Os informes anuais da Procuradoria-Geral da República (PGR) na Assembleia da República, referente aos últimos três anos (2016, 2017 e 2018) demonstra níveis de recuperação de activos muito baixos durante a fase da instrução preparatória que é dirigida pelo Ministério Público.

A título de exemplo, escreve o CIP, em 2016, o Estado foi lesado indiciariamente em mais de 459.2 milhões de meticais, tendo conseguido recuperar apenas o valor de 20.6 milhões, um imóvel e oito viaturas.

Seguidamente, em 2017, o volume dos valores recuperados foi de 16.1 milhões de meticais e mais de 28 mil dólares, o que totalizou, em meticais, a importância de 17.915. 319,19 não se tendo feito referência ao valor total indiciariamente desviado, embora se tenha ressalvado que o valor recuperado estava aquém do que se supõe ter sido desviado dos cofres públicos.

Já em 2018, o valor ilicitamente retirado dos cofres do Estado foi de cerca de bilião de meticais, sendo que, deste, foram recuperados somente 77.4 milhões, 34 viaturas e 22 imóveis.

“A Procuradoria-Geral da República tem vindo a alertar para essa necessidade, principalmente, desde à altura em que o processo das chamadas “dívidas ocultas” entrou na fase de instrução preparatória. Nessa etapa, mostrou-se necessário proceder, não só à apreensão de bens dos suspeitos de estarem envolvidos no caso, como também identificar e recuperar os activos que estes obtiveram com recurso aos subornos que se alega terem recebido para viabilizar o calote contra o Estado moçambicano”, aponta o CIP.

Da interpretação a futura lei, os pesquisadores do CIP referem que poder-se-á solicitar que outras jurisdições criminais estrangeiras auxiliem na recuperação de activos que sejam domiciliados fora do país como forma de ocultá-los das autoridades de investigação criminal nacionais.

“Neste momento e no concernente ao caso relacionado com as dívidas contraídas ilegalmente, o que a PGR pode fazer é promover, junto do tribunal onde os autos correm os seus trâmites, à apreensão dos bens já identificados para, posteriormente, em sede de sentença transitada em julgado e se for provada a sua origem criminosa, solicitar a perda dos mesmos a favor do Estado”.

Entretanto, o conceito de recuperação de activos não coincide com o conceito de confisco ou de perda, tendo um significado muito mais amplo e, ainda, pouco decantado.
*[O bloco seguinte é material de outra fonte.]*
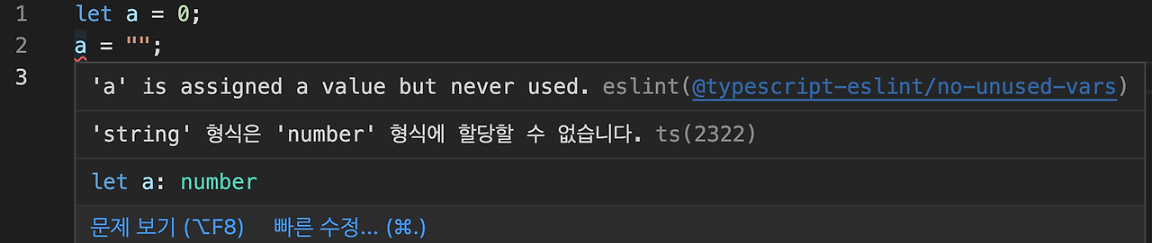 - 뿐만 아니라 타입 추론도 가능하게 해줘요. 타입 추론이란, 타입이 명시가 되지 않았을 때 컴파일러가 알아서 해당 타입에 대해 추론을 하는 것이에요.

“No fundo, com esta expressão, designa-se todo um processo amplo e complexo que compreende a identificação, a apreensão, o confisco e a destinação dos proventos do crime. Sendo assim, mais do que recorrer à apreensão e perda de bens, é necessário que haja uma verdadeira acção de recuperação de activos por se mostrar um processo mais eficiente e abrangente”, esclarece.

Refira-se, que este dispositivo legal deverá prever a criação de um departamento ou uma unidade especializada integrada na PGR com competência exclusiva para exercer actividades inerentes à recuperação de activos dentro e fora do país.